Faster finds in large Unix directories

We have this challenge at our site. When we first designed it many years ago, we decided that the best way to store files was with a unique identifier, which matched one of the fields in the corresponding record. For example, if the unique identifier was a nine-digit field (such as a SSN), we'd save a file as nnnnnnnnn.ext, where nnnnnnnnn is the nine-digit number, and ext is the file extension. If we needed a change to the file, we'd file as nnnnnnnnn_hdate.ext, where hdate is the horolog date. And for 18 years, this was just fine.

However, in year 19, we discovered one of the growing pains of success. We had always searched files in the directory with a call from $ZF call from Cache. To find all the relevant files, we write something like S X=$ZF(ls -1 /filepath/nnnnnnnnn* >output.txt") to list all the files in that directory into a single file we'd read and process. However, at some point, the searches started taking longer, and we'd get CSPs timing out after 60 seconds, and complaints from the customer service people that our searches were too slow.

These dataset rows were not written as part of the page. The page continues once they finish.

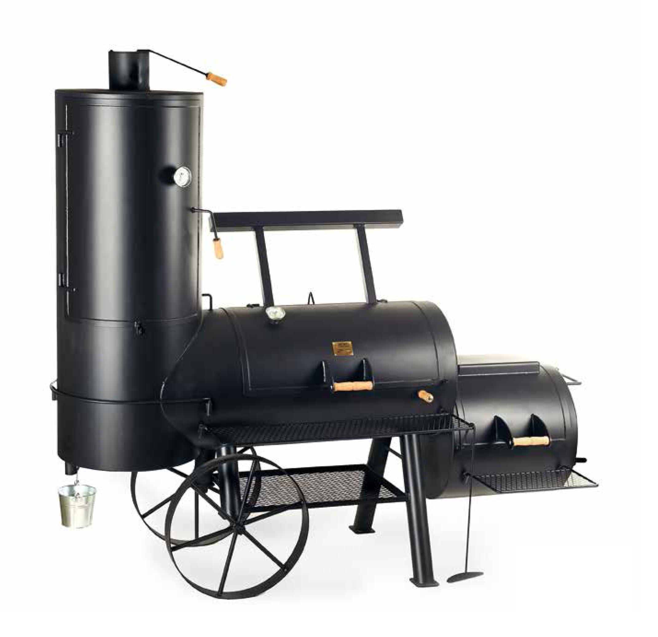 Solide Stahlverarbeitung aus 6,35 mm starkem Stahlrohr, einmaliges Hitzeverteilungssystem mit Grillin Box und Konvektionsrohr. Sandgestrahlt und mit einer 850 °C hitzebeständigen Farbe beschichtet. Gegengewicht am Garkammerdeckel für leichtes Öffnen des Deckels. Ideale Temperaturkontrolle durch Dual Damping System, Edelstahlthermometer an Gar- und Räucherkammer.
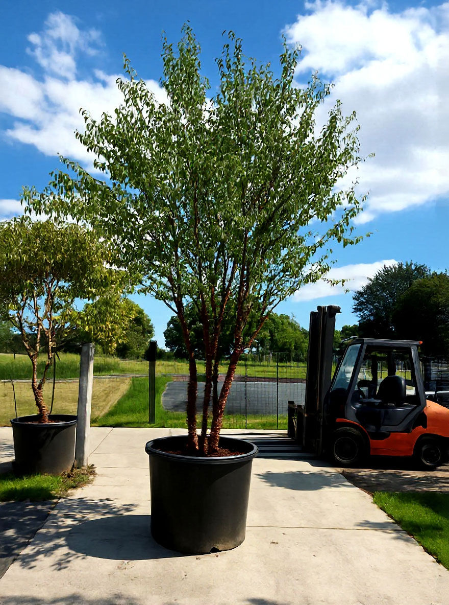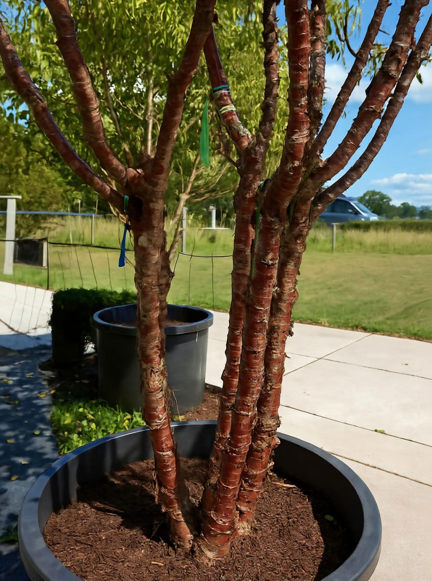 Prunus serrula (Mahagoni-Kirsche) 'Schirmform' 450-500 cm, mehrstämmiger Baum im Container mit schirmartiger Krone.
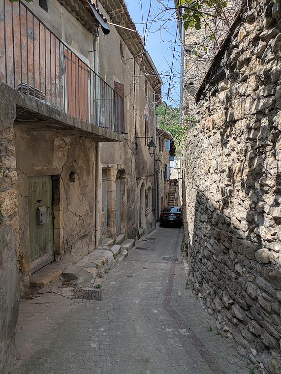 Getting to the old medieval part of Cruas, we had to squeeze past this car.
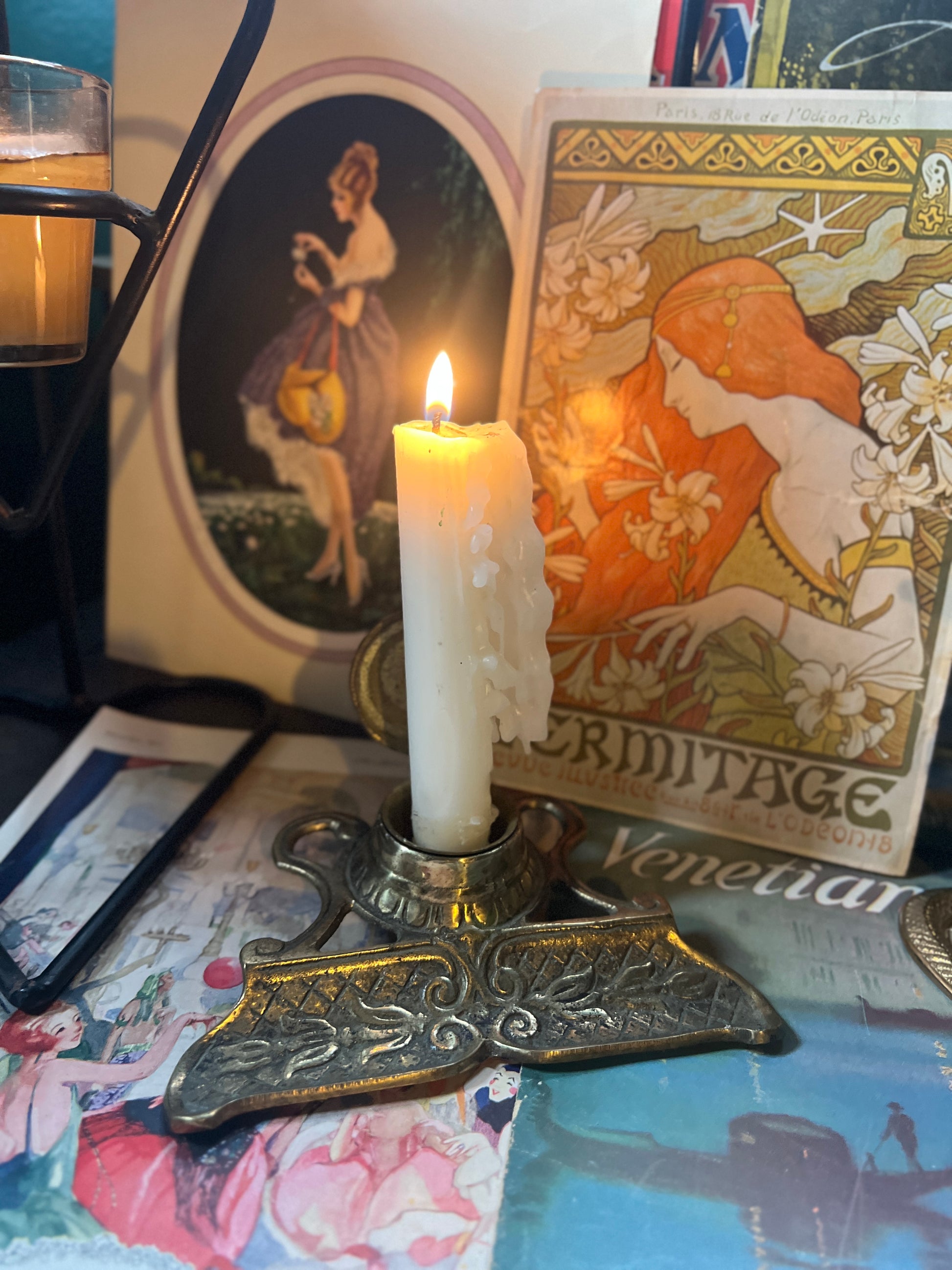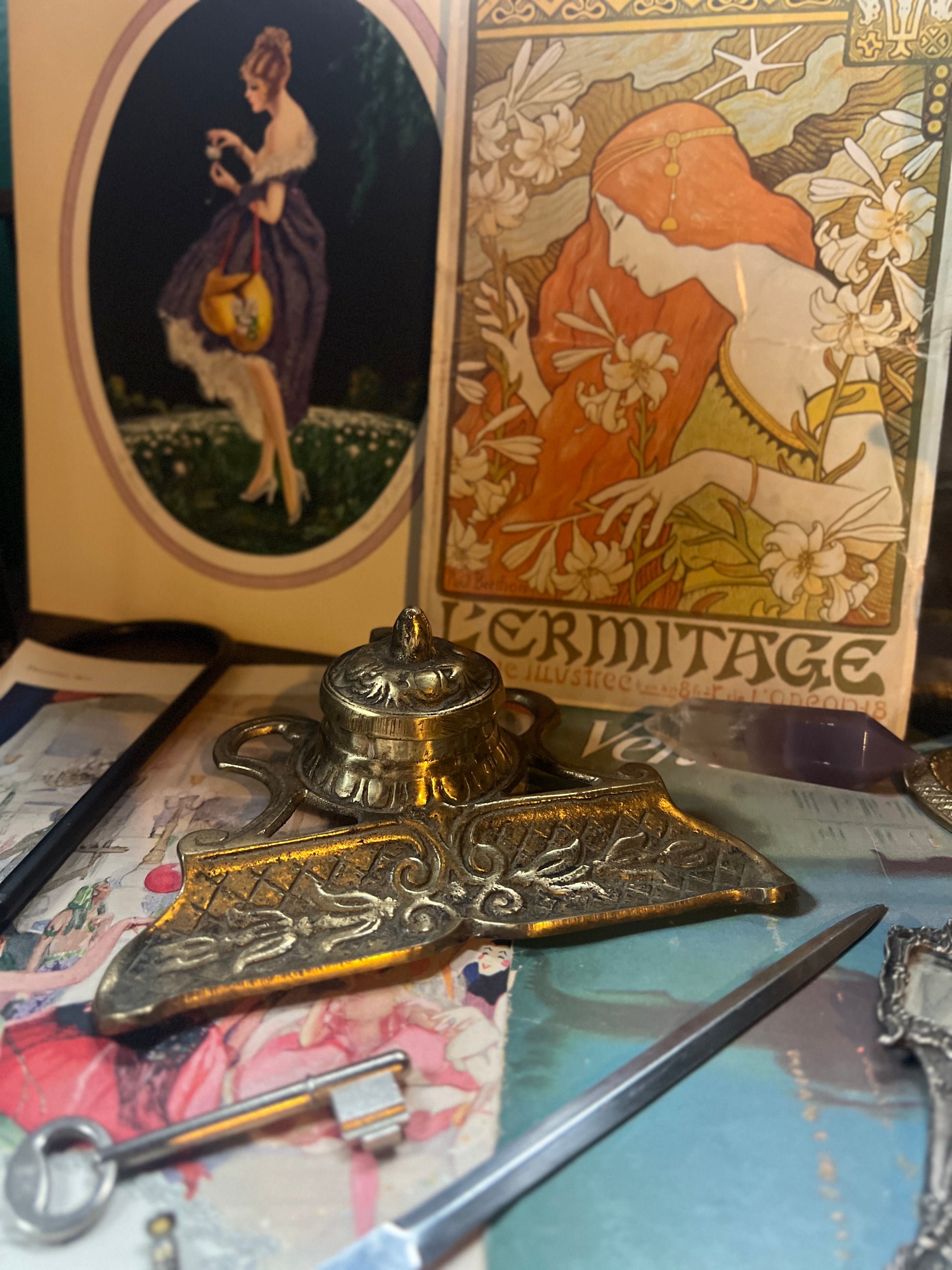 Gorgeous single solid brass inkwell with art nouveau style design

To get around this, short-term, we moved every file from /filepath to /filepath_old, deleted the directory /filepath, then renamed /filepath_old to /filepath. This worked for about three months, then the searches started getting slower... again.

One idea we did have was to create sub-directories within the directory to sort the files. This would work for some cases, but then gets problematic when the search is looking for a date range. Not only that, we'd need to have an effective way to pass the unique identifier, and create the proper directory name for lookup to pass to the $ZF call, or even to any %File calls.

So, I am asking for help and guidance on faster lookups, and better directory structures, for Cache with our Unix system. If you've had a similar problem, or can shed some light onto this, I would be most appreciative.

Thank you.

0 225
Discussion (2)1
Log in or sign up to continue

I remember a similar situation some years back with a rather sophisticated multilevel directory structure on UNIX.

The final solution, especially for al kind of searching in unique file names, was a class
with the filename as ID and directory, summary, creation date, last modification as properties.
The search (in SQL) out performed anything used before.

The only extra work was kind of a register at file creation/modification which happened at a moderate rate.  
+ a nightly batch job to verify and do the reality check. 

There are two use cases here:

  • File is tied to a specific object (for example you have "Document" class and it has "scan" file). In that case you can use %FileBinaryStream property - as before getting the file you would probably open "Document" object first
  • File is not tied to a specific object. In that case you can create a separate table "Files" that stores
    • link to file as a FileBinaryStream
    • hash
    • displayed file name
    • file path
    • user who uploaded the file
    • extension
    • size
    • any other attributes you need

It would always work faster compared to OS search.

Other notes:

  • Files are immutable - if you're building an application where user can edit files, it's usually preferable to have immutable "files" objects and just create new file versions.
  • File size limits - always define and check for maximum size.
  • Extension limits - limit extensions user can upload.
  • Storage - if it's a low volume inserts (<1000/day) store files in a folder = date, otherwise generate a new folder for each new thousand of files. These approaches can be combined: date/1, date/2 ...
  • Hash name - I often store files where their OS name is their hash. This way I can quickly validate that file is valid and also it  solves the problems with non-latin characters.
  • Never store files under names supplied by user. Acceptable filenames are: guid, hash (integer id should also be avoided).
  • GZIP - in some cases using GZIP streams can save on space, especially if it's a text file. For example XML envelopes and such.